Find coordinates of 3rd right triangle point, having 2 sets of coordinates and an arm length.

Question

I need to find XY of the 3rd tip of the triangle. I have X1 and Y1, X2 and Y2 as well as I know the distance C

I need a formula that I can use in a code to do the calculations. Triangle is always at a right angle, and I always know X1Y1, X2Y2 and C. On the picture greyed-out parts I dont know. Triangle will not always be 'flat' i.e.
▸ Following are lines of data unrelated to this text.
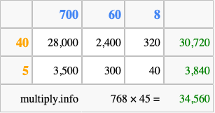 That's all there is to it! As you can see from the box above, the answer to 768 times 45 using the box method is 34,560.
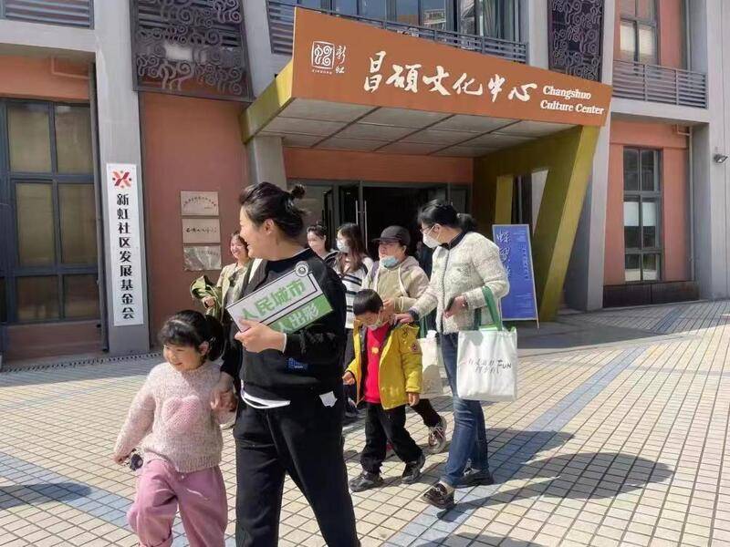 亲子家庭和白领参加新虹街道组织的美育徒步行走活动。
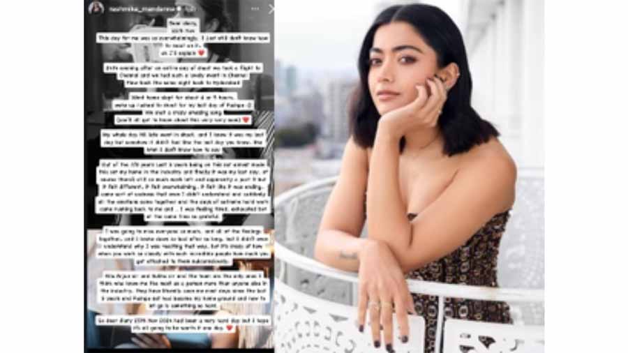 रश्मिका ने इंस्टाग्राम स्टोरीज पर अपने चाहने वालों के साथ अपनी भावनाएं शेयर की। उन्होंनने कहा कि वह बेहद ही भावुक महसूस कर रही है। उन्होंने लिखा, “पूरे दिन की शूटिंग के बाद 24 तारीख की शाम को एक कार्यक्रम में हिस्साह लेने के लिए चेन्नई की उड़ान भरी। कार्यक्रम बेहद ही अच्छाब था। ठीक उसी रात वापस हैदराबाद के लिए उड़ान भरी। घर जाकर लगभग 4 या 5 घंटे सोई। सुबह उठकर ‘पुष्पा’ के अपने आखिरी दिन की शूटिंग के लिए दौड़ी। हमने एक बेहतरीन गाना शूट किया।
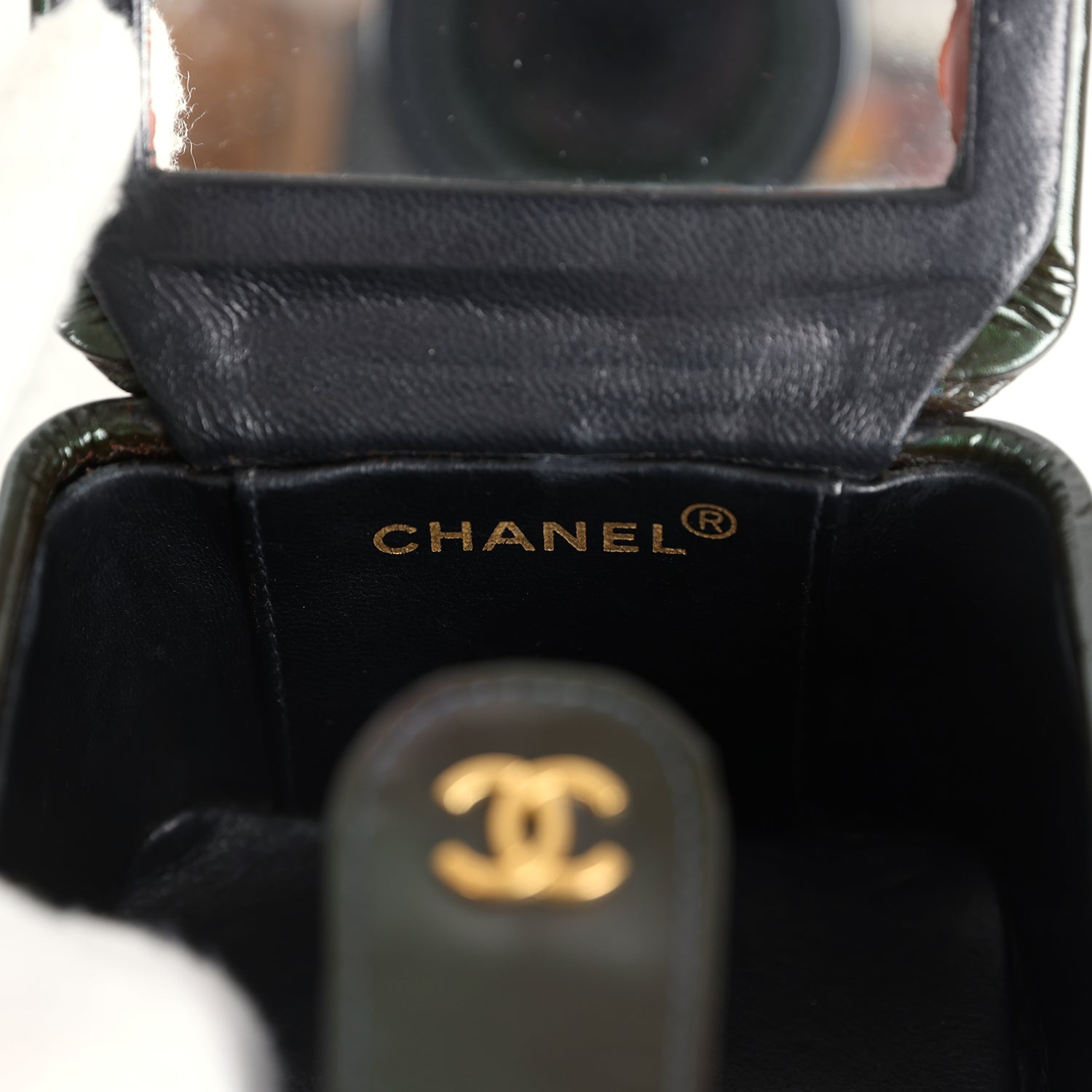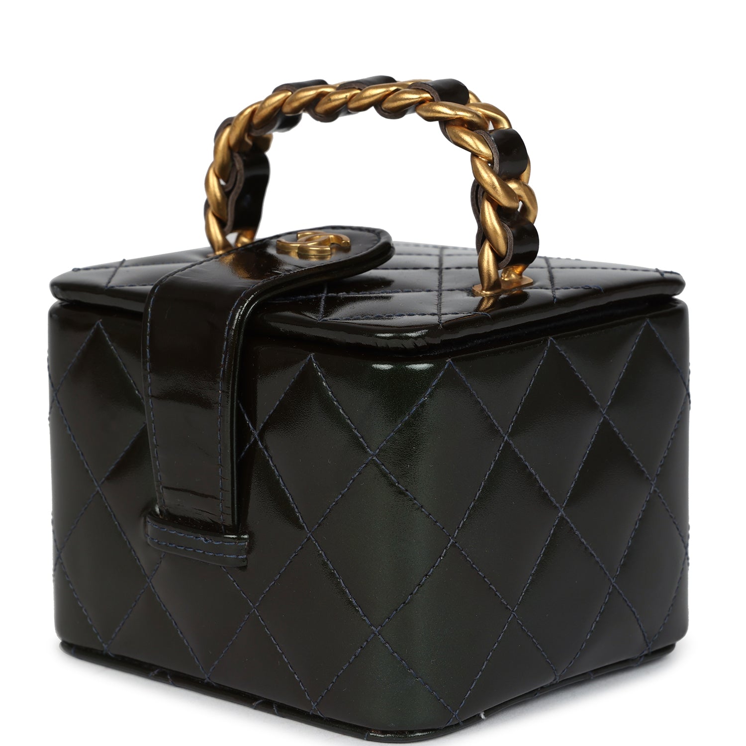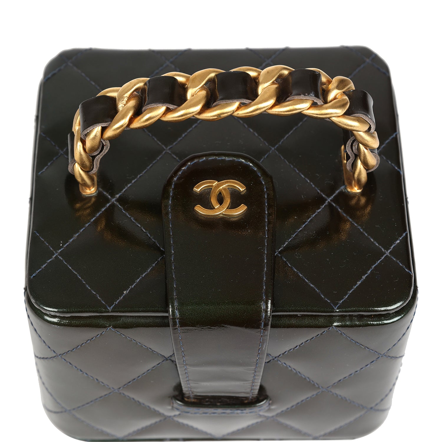 Vintage Chanel Mini Square Vanity Green Patent Antique Gold Hardware

X1 != X2. Also C may be positive or negative.

I tried looking at other answers like How to find coordinates of 3rd vertex of a right angled triangle when everything else is known? but I am not really good at geometry (as you can probably tell) and I have no idea where do m and n come from. So a simple answer for a simple programmer would be ideal :).

Answer 1

Algorithm:

Step 1. Form $(X_2 - X_1, \, Y_2-Y_1)$ which is the vector from the first vertex to the second. It spans the edge of the triangle from vertex $1$ to vertex $2$.

Step 2. Change it into $\epsilon \, (Y_1 - Y_2, \, X_2 - X_1)$ which is the vector orthogonal to the vector from step 1. This new vector is parallel to the edge from vertex $2$ to vertex $3$. However, it doesn't have the proper length. The parameter $\epsilon = \pm 1$ because the vector can point "up" or "down" so there will be two solutions to your problem: vertex $3$ can be on one or the other side of the edge from vertex $1$ to vertex $2$.

Step 3. Calculate the length of the vector from step 2, which is $$L = \sqrt{(X_2 - X_1)^2 + (Y_2 - Y_1)^2}$$

Step 4. Form the new vector $$\epsilon \,\left(\frac{Y_1 - Y_2}{L}, \, \frac{X_2 - X_1}{L}\right)$$ which is obtained by dividing the vector from step 2 by its length. This is a vector of unit length and parallel to the vector from step 2.

Step 5. Multiply the vector from step 4 by $C$ and obtain the vector $$\epsilon \,\left(\frac{C \, (Y_1 - Y_2)}{L}, \, \frac{C\, (X_2 - X_1)}{L}\right)$$ The latter is a vector parallel to the edge between vertex $2$ and vertex $3$ and has length exactly $C$.

Step 6. The coordinates of vertex $3$ are $$(X_3, Y_3) = (X_2, Y_2) \pm \, \left(\frac{C \, (Y_1 - Y_2)}{L}, \, \frac{C\, (X_2 - X_1)}{L}\right)$$

Step 7. The final detailed formula is $$\big(\, X_3, \, Y_3 \,\big) \, = \, \left(\, X_2 \pm \frac{C \, (Y_1 - Y_2)}{L}\, , \,\, Y_2 \pm \frac{C \, (X_2 - X_1)}{L}\right)$$ where the parameter $L$ is equal to $$L = \sqrt{(X_2 - X_1)^2 + (Y_2 - Y_1)^2}$$

Answer 2

Hint

Let me introduce the following notation, $$x=x_3,y=y_3$$

just for the sake of transparency.

With this, our $C^2$ can be expressed the following way:

$$C^2=(x-x_2)^2+(y-y_2)^2=x^2-2xx_2+x_2^2+y^2-2yy_2+y_2^2.$$

Then We know

$$x^2-2x_2x+x_2^2+y^2-yy_2+y_2-C^2=0,$$

a quadratic equation for, say, $x$. The solutions are

$$X_{1,2}=x_2\pm\sqrt{-y^2+yy_2-y_2+C^2}.$$

(There are two solutions because the third vertex can be above or below the second one.)

Try to go on...